# ehiem 2213 leaking



## coldmantis (Apr 5, 2010)

So I decided to clean this filter today, and after I was done, I noticed that the double tap is leaking. it's leaking where you tighten it down. tried many times, tighten tight, tighten loose, repluging it, still a very slow leak. any ideas?


----------



## ameekplec. (May 1, 2008)

When you tighten the nut down, try to push the tubing towards the fitting - I find sometimes the nut can push the tubing out (away from the fitting) so you're not getting a good seal.
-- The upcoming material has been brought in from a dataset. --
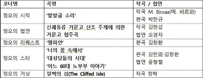 관객의 사연과 신청곡을 받아 국악관현악으로 연주하는 ‘정오의 리퀘스트’ 꼭지에서는 중년에 접어든 사연자가 올해 고3을 마친 아들에게 수고했다는 격려와 응원을 담아 신청한 싸이의 ‘챔피언’을 국악관현악으로 편곡해 연주한다. 사연이 뽑힌 관객에게는 해당 공연 초대 입장권을 주고 있다.

Usually that solves my leaking poblems.

I've had one double tap fail on me before - just due to wear and tear, but besides that, a leaky double tap is 99% loose tubing in my experience.


----------



## coldmantis (Apr 5, 2010)

nah tried that already, I'm starting to think the o ring on the male fitting is bad, I tried replacing it with the closest one I had but same problem. just tried putting another oring below the first oring will check in the morning if the fitting is wet or not.


----------



## ameekplec. (May 1, 2008)

Is the tubing cut straight across and clean inside? Sometimes if it's on an angle or there's a brr, it can cause a small leak. Also, if there's crap inside the tubing, it can cause a leak too.

You can probably just connect the tube directly to the canister for the night till you figure out the leak.


----------



## coldmantis (Apr 5, 2010)

it's not the tubing, since I had this filter for a while, I fixed it though the 2 orings didn't work so I took one out and and teflon tape the male barb, no leaks last night.


----------